The material below has pictures in it. Set down only the lines from the line containing "bril tot spleetjes." through the line containing "本格イタリアンと旬の苺スイーツを心ゆくまで味わえる贅沢ブッフェ。", word for word, and leave the pictures behind.

#### Exercise input:
-=-=-
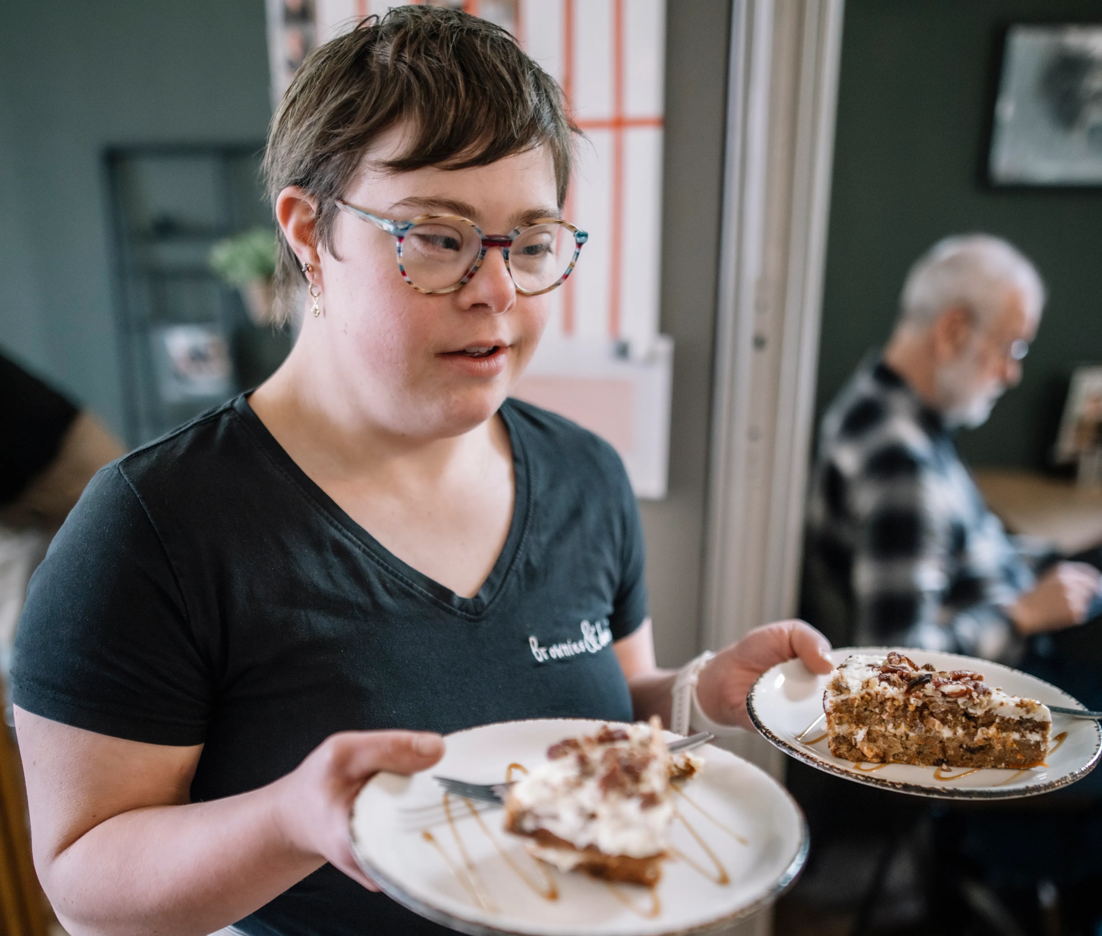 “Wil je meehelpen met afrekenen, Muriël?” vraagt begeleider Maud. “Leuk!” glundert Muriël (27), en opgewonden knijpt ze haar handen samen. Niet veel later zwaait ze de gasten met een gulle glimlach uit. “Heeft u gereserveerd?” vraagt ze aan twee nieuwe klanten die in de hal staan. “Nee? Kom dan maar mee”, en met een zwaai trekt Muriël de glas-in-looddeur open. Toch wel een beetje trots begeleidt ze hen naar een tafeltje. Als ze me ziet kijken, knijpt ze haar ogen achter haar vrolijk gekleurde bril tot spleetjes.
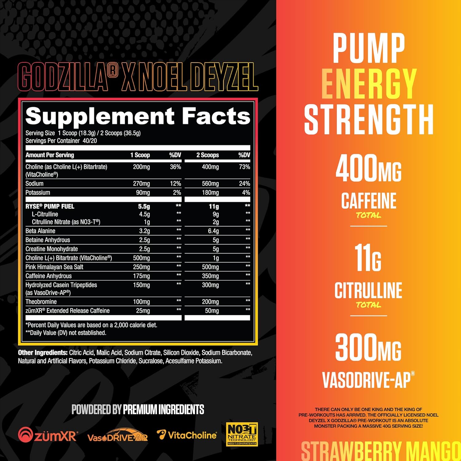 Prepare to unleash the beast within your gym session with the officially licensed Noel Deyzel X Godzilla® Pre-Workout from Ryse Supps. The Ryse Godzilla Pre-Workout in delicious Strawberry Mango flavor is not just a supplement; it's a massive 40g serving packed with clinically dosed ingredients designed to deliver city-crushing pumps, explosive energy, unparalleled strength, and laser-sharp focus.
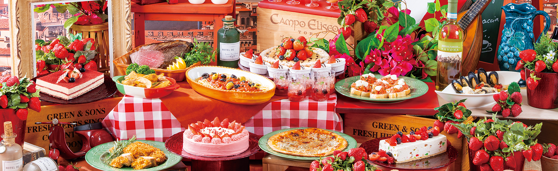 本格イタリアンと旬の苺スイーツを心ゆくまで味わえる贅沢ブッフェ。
-=-=-
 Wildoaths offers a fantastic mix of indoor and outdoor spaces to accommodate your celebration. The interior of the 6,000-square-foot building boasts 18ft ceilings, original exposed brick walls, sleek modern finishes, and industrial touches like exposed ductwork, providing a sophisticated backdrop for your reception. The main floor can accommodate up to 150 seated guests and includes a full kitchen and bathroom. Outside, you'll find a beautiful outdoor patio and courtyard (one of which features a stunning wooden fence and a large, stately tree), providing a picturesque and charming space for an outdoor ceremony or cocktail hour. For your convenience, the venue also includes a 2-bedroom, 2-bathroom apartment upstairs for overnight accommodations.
-=-=-
#### Reply:
 “Wil je meehelpen met afrekenen, Muriël?” vraagt begeleider Maud. “Leuk!” glundert Muriël (27), en opgewonden knijpt ze haar handen samen. Niet veel later zwaait ze de gasten met een gulle glimlach uit. “Heeft u gereserveerd?” vraagt ze aan twee nieuwe klanten die in de hal staan. “Nee? Kom dan maar mee”, en met een zwaai trekt Muriël de glas-in-looddeur open. Toch wel een beetje trots begeleidt ze hen naar een tafeltje. Als ze me ziet kijken, knijpt ze haar ogen achter haar vrolijk gekleurde bril tot spleetjes.
 Prepare to unleash the beast within your gym session with the officially licensed Noel Deyzel X Godzilla® Pre-Workout from Ryse Supps. The Ryse Godzilla Pre-Workout in delicious Strawberry Mango flavor is not just a supplement; it's a massive 40g serving packed with clinically dosed ingredients designed to deliver city-crushing pumps, explosive energy, unparalleled strength, and laser-sharp focus.
 本格イタリアンと旬の苺スイーツを心ゆくまで味わえる贅沢ブッフェ。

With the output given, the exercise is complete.